• _What to do_: Please give back only the lines below from the one containing "L'association Lire et" to the one containing "al afortunado ganador!", each repeated word for word, both ends included.
━━━━━ Provided entries ━━━━━
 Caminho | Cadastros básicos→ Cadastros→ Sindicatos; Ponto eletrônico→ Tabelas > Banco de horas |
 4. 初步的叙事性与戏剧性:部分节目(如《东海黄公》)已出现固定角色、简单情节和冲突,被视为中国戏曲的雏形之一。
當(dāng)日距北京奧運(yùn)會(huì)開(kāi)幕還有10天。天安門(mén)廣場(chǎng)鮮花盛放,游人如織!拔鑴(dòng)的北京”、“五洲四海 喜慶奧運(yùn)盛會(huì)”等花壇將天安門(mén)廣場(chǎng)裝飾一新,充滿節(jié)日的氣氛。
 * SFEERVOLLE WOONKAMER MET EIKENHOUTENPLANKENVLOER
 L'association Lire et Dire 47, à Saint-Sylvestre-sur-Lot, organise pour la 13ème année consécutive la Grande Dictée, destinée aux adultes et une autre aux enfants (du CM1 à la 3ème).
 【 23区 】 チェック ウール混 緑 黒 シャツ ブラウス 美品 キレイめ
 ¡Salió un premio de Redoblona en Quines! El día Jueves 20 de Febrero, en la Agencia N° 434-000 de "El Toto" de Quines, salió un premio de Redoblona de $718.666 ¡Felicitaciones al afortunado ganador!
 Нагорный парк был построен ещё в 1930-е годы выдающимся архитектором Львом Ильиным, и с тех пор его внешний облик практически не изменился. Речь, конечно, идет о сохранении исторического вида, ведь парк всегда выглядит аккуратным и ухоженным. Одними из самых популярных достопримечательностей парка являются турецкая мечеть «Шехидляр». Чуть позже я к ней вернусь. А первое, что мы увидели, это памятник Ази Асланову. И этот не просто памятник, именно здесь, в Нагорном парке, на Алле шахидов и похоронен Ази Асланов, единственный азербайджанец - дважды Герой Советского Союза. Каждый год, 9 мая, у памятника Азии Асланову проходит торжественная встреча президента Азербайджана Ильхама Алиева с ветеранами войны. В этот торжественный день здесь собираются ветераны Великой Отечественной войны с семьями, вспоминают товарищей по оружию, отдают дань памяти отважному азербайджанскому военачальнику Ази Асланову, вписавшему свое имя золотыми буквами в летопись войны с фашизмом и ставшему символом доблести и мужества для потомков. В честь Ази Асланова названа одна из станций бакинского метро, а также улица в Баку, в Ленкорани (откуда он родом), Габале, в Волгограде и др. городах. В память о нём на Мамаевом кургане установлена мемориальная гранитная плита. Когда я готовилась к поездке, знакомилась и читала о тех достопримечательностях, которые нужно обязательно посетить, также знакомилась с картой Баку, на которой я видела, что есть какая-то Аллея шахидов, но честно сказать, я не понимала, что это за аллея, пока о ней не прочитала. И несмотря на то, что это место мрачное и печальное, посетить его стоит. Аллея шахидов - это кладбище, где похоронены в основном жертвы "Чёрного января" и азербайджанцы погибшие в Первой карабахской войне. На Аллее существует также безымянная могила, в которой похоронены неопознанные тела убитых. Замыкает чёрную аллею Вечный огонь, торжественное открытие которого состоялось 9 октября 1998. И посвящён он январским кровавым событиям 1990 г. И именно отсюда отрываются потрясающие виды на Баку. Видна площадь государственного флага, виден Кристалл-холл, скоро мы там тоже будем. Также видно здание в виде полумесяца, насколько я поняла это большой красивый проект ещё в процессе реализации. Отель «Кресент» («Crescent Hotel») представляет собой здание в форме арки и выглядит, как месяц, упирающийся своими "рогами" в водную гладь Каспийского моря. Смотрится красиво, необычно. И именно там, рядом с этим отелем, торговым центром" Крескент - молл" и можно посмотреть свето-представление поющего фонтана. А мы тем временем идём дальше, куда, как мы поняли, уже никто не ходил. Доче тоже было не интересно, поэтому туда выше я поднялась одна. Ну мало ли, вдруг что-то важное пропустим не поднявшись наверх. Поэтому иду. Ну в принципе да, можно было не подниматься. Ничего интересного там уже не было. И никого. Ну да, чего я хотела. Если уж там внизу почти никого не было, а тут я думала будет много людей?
━━━━━
• _Result of this task_:
 L'association Lire et Dire 47, à Saint-Sylvestre-sur-Lot, organise pour la 13ème année consécutive la Grande Dictée, destinée aux adultes et une autre aux enfants (du CM1 à la 3ème).
 【 23区 】 チェック ウール混 緑 黒 シャツ ブラウス 美品 キレイめ
 ¡Salió un premio de Redoblona en Quines! El día Jueves 20 de Febrero, en la Agencia N° 434-000 de "El Toto" de Quines, salió un premio de Redoblona de $718.666 ¡Felicitaciones al afortunado ganador!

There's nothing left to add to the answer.